Reputation: 271
I am trying to write a program with regular expressions to clean up some data. Let's say I have room names with a letter and a number. In the final output I need to output the room names using the pattern "the full string (excluding letter & number) + letter + number" as in the examples below. However, with the regular expressions I've written so far, I get very messed up results, which are at the bottom of my message. For some reason, it puts letters and characters on some of the rows, even though there may be none in the input data. Thank you.
EDITED: I made edits to the input data. I would like to generalize the code to take any number of character strings, not just the single word "ROOM".
# the pattern should be "the full string (excluding letter & number) + letter + number". For example:
ATLANTA ROOM
ATLANTA ROOM 3
NEW YORK ROOM A 2
ROOM A 4
THE BIG AWESOME ROOM B
ROOM B 4
GEORGETOWN ROOM B 2
NEW YORK ROOM C 2
NEW YORK ROOM C
LOS ANGELES ROOM E 2
# program to clean with regular expressions. there could be multiple spaces between words
dd <- c("ATLANTA ROOM ",
" ATLANTA ROOM 3",
"NEW YORK A ROOM 2",
"4 ROOM A",
"THE BIG AWESOME ROOM B",
" ROOM 4 B",
"GEORGETOWN B 2 ROOM ",
" C NEW YORK ROOM 2",
"NEW YORK ROOM C",
"LOS ANGELES ROOM 2 E")
m_char_num <- regexpr("(\\<A|B|C|D|E|1|2|3|4\\>)", dd)
m_char <- regexpr("(\\<A|B|C|D|E\\>)", dd)
m_num <- regexpr("(\\<1|2|3|4\\>)", dd)
(dd2 <- paste(gsub("( +)", " ",
gsub("(^ +)|( +$)", "",
gsub("(\\<A|B|C|D|E|1|2|3|4\\>)", "", dd))),
regmatches(dd, m_char), regmatches(dd, m_num), sep = " "))

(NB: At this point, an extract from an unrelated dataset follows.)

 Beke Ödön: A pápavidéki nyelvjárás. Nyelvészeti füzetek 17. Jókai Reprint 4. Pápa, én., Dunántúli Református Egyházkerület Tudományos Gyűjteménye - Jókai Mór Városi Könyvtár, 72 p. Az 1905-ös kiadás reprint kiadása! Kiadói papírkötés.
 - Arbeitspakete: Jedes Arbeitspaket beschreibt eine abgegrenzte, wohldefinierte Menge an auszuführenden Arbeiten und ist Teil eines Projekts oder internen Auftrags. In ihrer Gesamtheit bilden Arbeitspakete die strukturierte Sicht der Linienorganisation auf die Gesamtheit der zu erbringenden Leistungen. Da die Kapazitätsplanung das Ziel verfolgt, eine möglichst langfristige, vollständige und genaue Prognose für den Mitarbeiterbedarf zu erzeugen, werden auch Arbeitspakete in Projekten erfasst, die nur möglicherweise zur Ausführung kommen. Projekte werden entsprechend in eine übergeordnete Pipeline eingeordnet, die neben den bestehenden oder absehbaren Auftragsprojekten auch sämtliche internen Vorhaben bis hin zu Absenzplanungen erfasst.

# actual output from the program
"TLANTA ROOMA3",
"TLANTA ROOMA2",
"NW YORK ROOMA4",
"ROOMA4",
"TH IG WSOM ROOME2",
"ROOMB2",
"GORGTOWN ROOMB2",
"NW YORK ROOMC3",
"NW YORK ROOMC2",
"LOS NGLS ROOMA4"
Upvotes: 4
Views: 146
Reputation: 49448
Here's an attempt:
sub(' $', '', # clean up spaces at the end
gsub(' +', ' ', # clean up double spaces
# rearrange letter and numbers
sub('^([A-Z]?)([0-9]*)([A-Z]?)$', 'ROOM \\1\\3 \\2',
gsub(' |ROOM', '', dd) # remove spaces and ROOM
)
)
)
#[1] "ROOM" "ROOM 3" "ROOM A 2" "ROOM A 4" "ROOM B" "ROOM B 4" "ROOM B 2"

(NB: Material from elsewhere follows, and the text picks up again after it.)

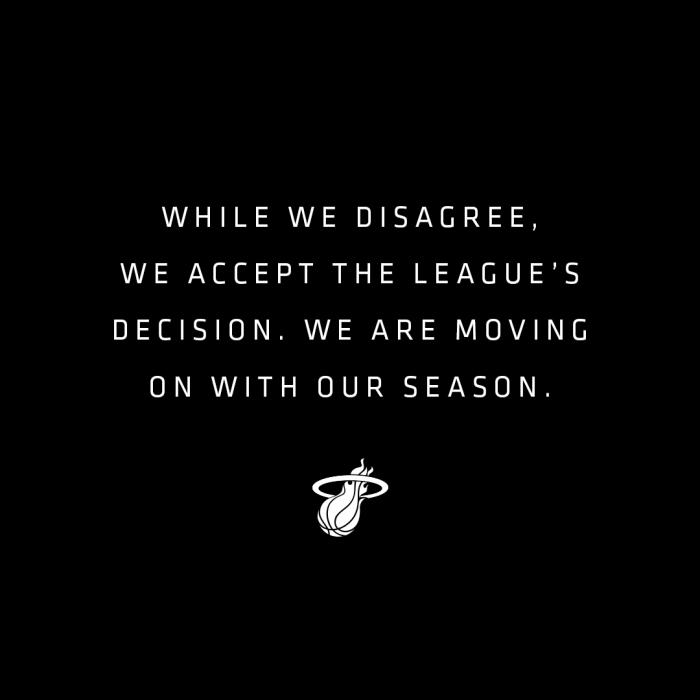 NBA已经官宣违规处罚,热火官方第一时间表示他们接受这样的处罚。

#[8] "ROOM C 2" "ROOM C" "ROOM E 2"
And here's the same logic for the edited OP and comment below (assuming room names are words that have at least 3 letters and at most a 2-letter room designation):
gsub('(^ | $)', '', # clean up spaces in front or end
gsub(' +', ' ', # clean up double spaces
# extract room name and put it in front of the letter and number
paste(gsub('\\b([A-Z][A-Z]?|[0-9]+)\\b', '', dd, perl = T),
sub('^([A-Z]+)?([0-9]*)([A-Z]+)?$', '\\1\\3 \\2',
gsub(' |\\w\\w\\w+', '', dd) # remove spaces and words
)
)
)
)
Upvotes: 4
Reputation: 269664
Try this:
library(gsubfn)
# extract numbers (num) and room letters (char)

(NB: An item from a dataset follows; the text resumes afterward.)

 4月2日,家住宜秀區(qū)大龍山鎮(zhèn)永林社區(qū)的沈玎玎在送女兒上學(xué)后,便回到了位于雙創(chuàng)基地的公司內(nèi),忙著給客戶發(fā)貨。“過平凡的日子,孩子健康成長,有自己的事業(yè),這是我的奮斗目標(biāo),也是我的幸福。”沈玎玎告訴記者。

num <- sapply(strapplyc(dd, "\\d|$"), paste, collapse = "")
char <- sapply(strapplyc(dd, "[A-D]|$"), paste, collapse = "")
# put back together and sort
out <- sort(paste("ROOM", char, num))
# trim spaces (optional)
out <- gsub(" +", " ", sub(" *$", "", out))
> out
[1] "ROOM" "ROOM 2" "ROOM 3" "ROOM A 2" "ROOM A 4" "ROOM B"
[7] "ROOM B 2" "ROOM B 4" "ROOM C" "ROOM C 2"
UPDATE: minor improvements
Upvotes: 0
Reputation: 6047
So, what's happening is e.g. your program only 8 letters, and so instead of inserting "" or NA, it's recycling them.
Here is a fix:
m_char_num <- regexpr("(\\<A|B|C|D|E|1|2|3|4\\>)", dd)
m_char <- regexpr("(\\<A|B|C|D|E\\>)", dd)
m_num <- regexpr("(\\<1|2|3|4\\>)", dd)
numbers <- rep("", length(dd))
numbers[m_num>0] <- regmatches(dd, m_num)
letters <- rep("", length(dd))
letters[m_char>0] <- regmatches(dd, m_char)
output <- trim(paste("ROOM", letters, numbers))
[1] "ROOM" "ROOM 3" "ROOM A 2" "ROOM A 4" "ROOM B" "ROOM B 4" "ROOM B 2" "ROOM C 2" "ROOM C"
[10] "ROOM E 2"
Upvotes: 2